Beelaerts van Blokland (Gerard), een Nederlandsch regtsgeleerde en minister, werd geboren te Dordrecht op den 6den Julij 1772. Hij studeerde te Utrecht en promoveerde er in de regten in 1794.
In 1802 ging hij als procureur-generaal naar de Kaap de Goede Hoop en werd er, nadat deze kolonie door de Engelschen in bezit was genomen (1806), secretaris van den Raad van Justitie, terwijl hij vervolgens voor het Engelsche gouvernement als lid van onderscheidene commissiën werkzaam was. In 1817 keerde hij naar het Vaderland terug, vestigde zich als advocaat te ’s Hage, werd in den adelstand verheven en zag zich in 1819 benoemd tot regter te Rotterdam. In 1823 werd hij lid van het collegie der Ridderschap van Holland en in datzelfde jaar gekozen tot lid van de Tweede Kamer der Staten-Generaal. Gedurig werd hij herkozen en hij onderscheidde zich in die betrekking zoowel door eene grondige kennis van de staathuishoudkunde en van het regt als door zijne verdediging van den vrijen handel.

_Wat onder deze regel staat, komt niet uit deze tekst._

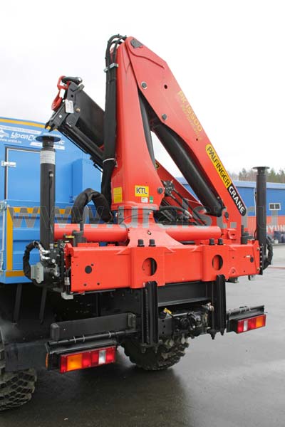 На заднем свесе Фургона смонтирован манипулятор Palfinger РK 15500А для проведения грузоподъемных работ весом до 7,3 тонн.
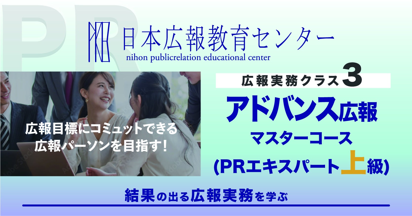 広報の成果に満足していますか?「このままでは頭打ちになるのではないか」「もっと質の高い成果を出したい」と感じていませんか?日本広報教育センター「アドバンス広報マスター~広報応用スキル」で結果を出そう!
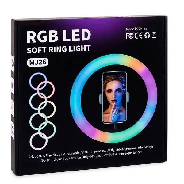 RGB Soft LED Ring Light 10 Inch MJ26 with 7 Feet Stand 360° rotating pan tilt, free adjustment of light compensation angle 10inch Ring Fill light with stand (26cm) The USB port can be us... Read More
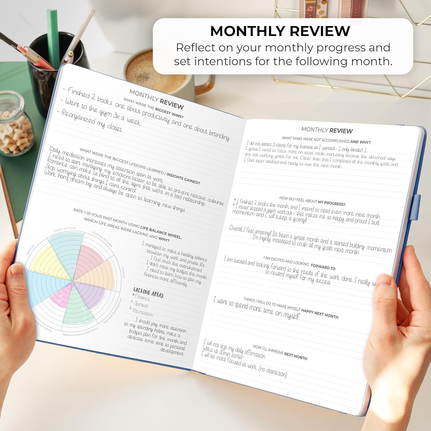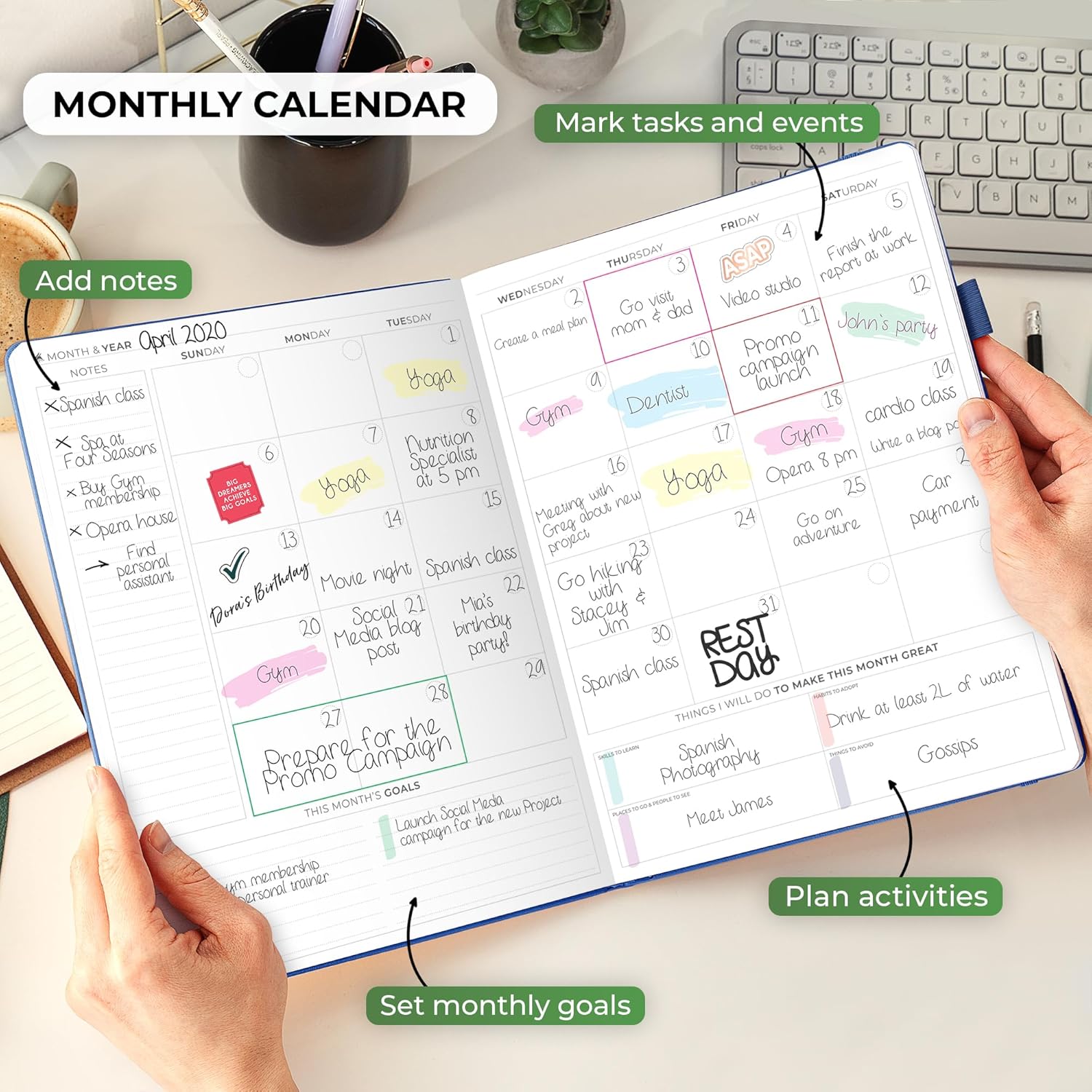 - TOP QUALITY, USER GUIDE & STICKERS - This planner and organizer for women and men comes with stickers, and user guide, an eco-leather cover, thick 120gsm paper, an elastic band, a pen loop, and lay-flat binding.
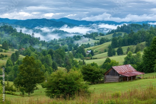 © jemb, Obraz premium A picturesque valley scene with a rustic barn nestled among rolling hills.
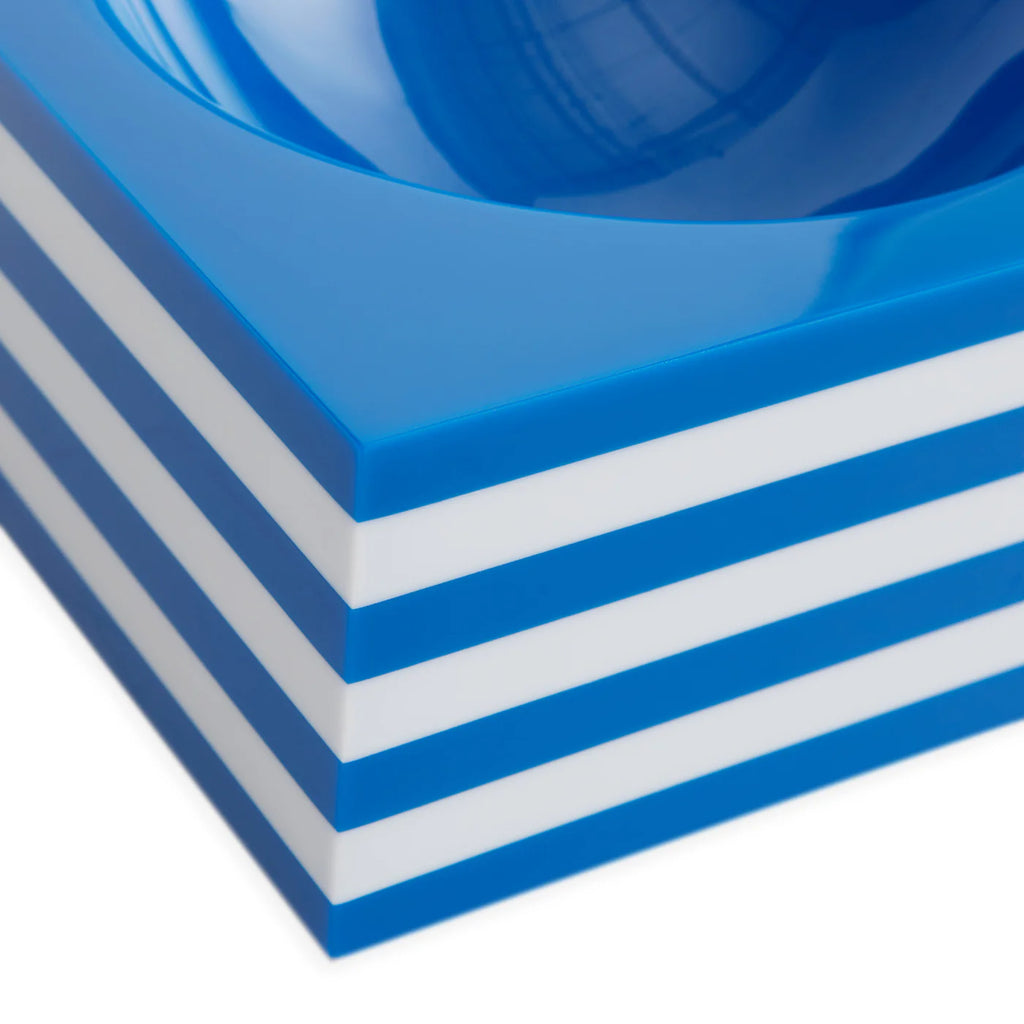Crafted from solid, hand-poured opaque acrylic in bold and breezy blue and white stripes. Our Cabana Mini Scoop Vase is a touch of seaside chic for any cocktail table or console—a little poppy, a little nouveau nautical, and very versatile. Hand-polished for a luminous shine.
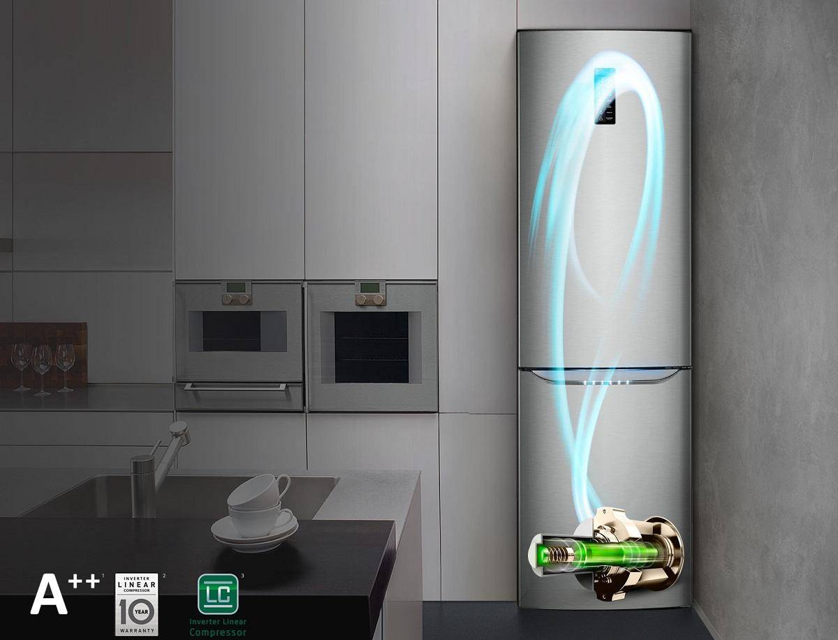 - Инверторные холодильники издают меньше шума при работе. Только в процессе разгона устройства при первом включении, вы можете услышать сильное гудение. Характерные для линейной системы щелчки здесь полностью отсутствуют.
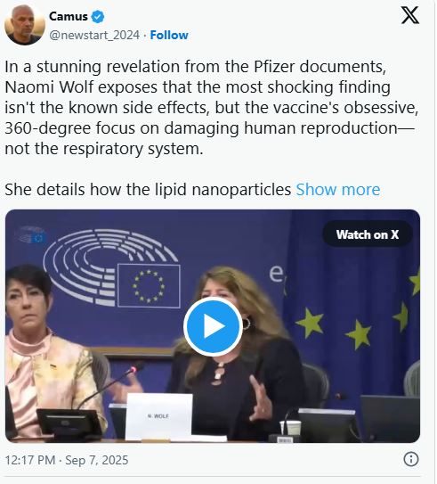 And, Pfizer knew it. As it turns out, even though Pfizer censored the MRNA vax research papers into oblivion, the ONLY thing what they handed over had in it was research into how the shot made rats infertile, there was nothing in it about curing a respiratory infection AT ALL, other than the title. Obviously, Twitter is the only place that will allow this bust by Naiomi Wolf, delivered at the UN, to be posted.
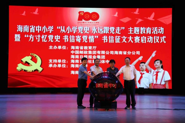 为庆祝中国共产党建党100周年华诞,5月6日,海南省教育厅、中国邮政集团有限公司海南省分公司、海南日报报业集团联合举办的“方寸忆党史 书信寄党情”全省青少年重温红色记忆文化活动在海南中学正式启动。活动旨在通过回顾党从诞生到发展壮大的光辉历程,培养青少年继承党的优良传统,提升听党话、感党恩、跟党走的思想自觉和行动自觉,时刻准备做合格的社会主义建设者和接班人。
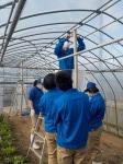 野菜のビニールハウスでも対応が必要です。3人一組になって、脚立を用いながら支柱を立てる作業を行いました。安全に気を付けて、脚立を使う際はストッパーをかませること、落ちないように下で支えること、などを確認し、2棟分の支柱を立てました。
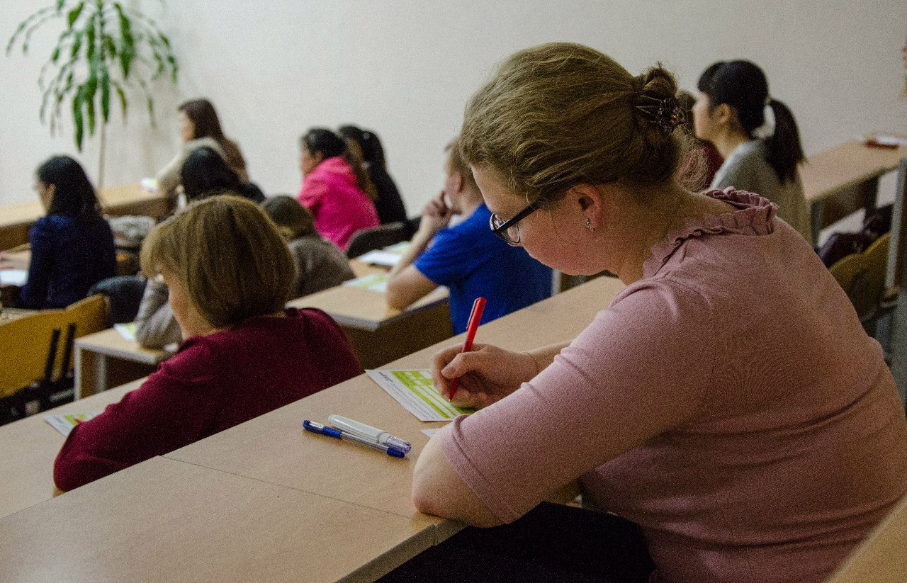 Более 60 человек в минувшие выходные написали тотальный диктант в стенах Томского государственного педагогического университета. Образовательная акция в этом году прошла на 13 городских площадках. Горожане могли выбрать любую удобную для них и зарегистрироваться для участия. Прежде чем приступить к написанию диктанта, экзаменуемые встретились с автором текста российским детским писателем Андреем Усачевым. Текст диктанта в Томском Педагогическом для всех участников акции прочел проректор по молодежной политике и воспитательной работе вуза Дмитрий Борисович Насонов.
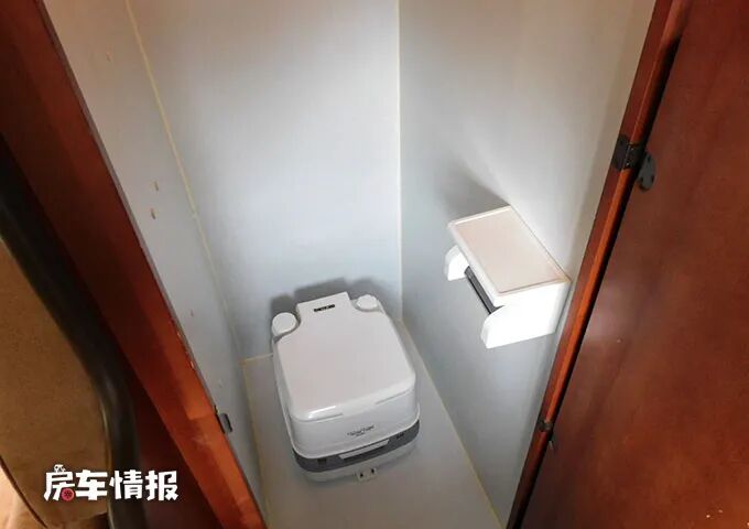 因为整车内部空间有限,所以卫生间内只提供了一台便携式马桶,并不具有可以洗澡的设备。
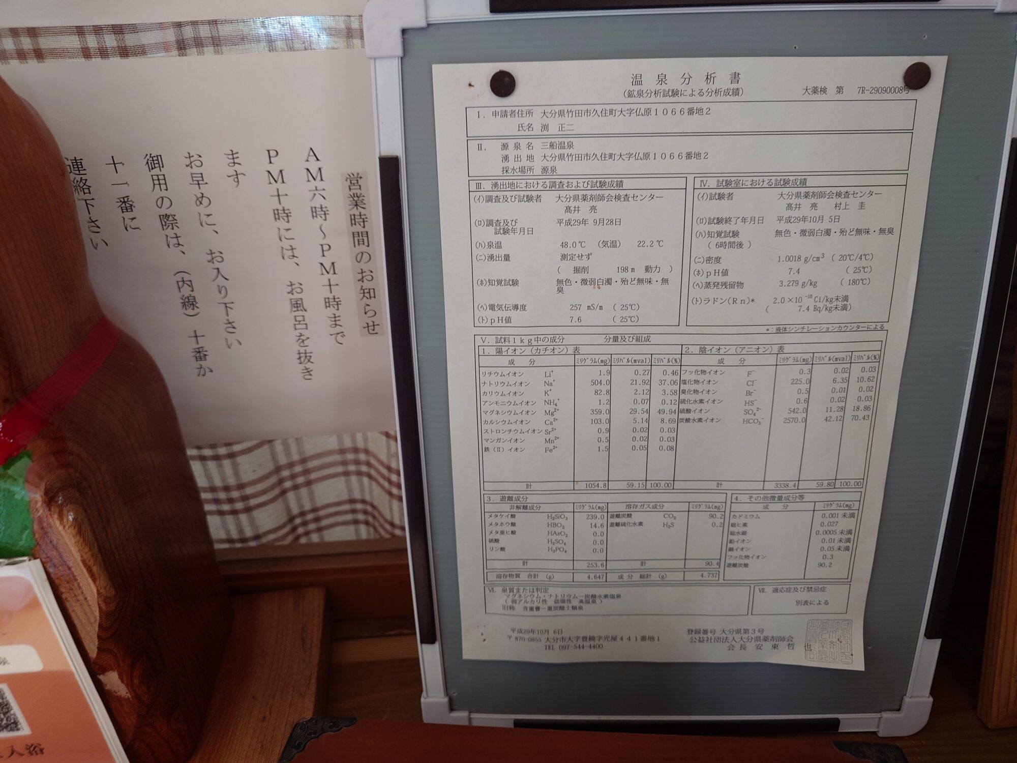 入口には成分表も掲示されていて、その隣に営業時間の案内、朝は6時からと書かれていました。

In 1829 werd hij secretaris en in 1839 lid van den Raad van State. Na het overlijden van Tets van Goudriaan aanvaardde hij aarzelend de portefeuille van Financiën en trad af toen in 1839 de wet op de Middelen door de Tweede Kamer verworpen werd. Hij ontving bij die gelegenheid eene benoeming tot minister van Staat, terwijl hij weder zitting nam in den Raad van State. Hij was eerst ridder, daarna commandeur der orde van den Nederlandschen leeuw, voorts lid van onderscheidene geleerde genootschappen, en overleed op den 25sten Februarij 1844.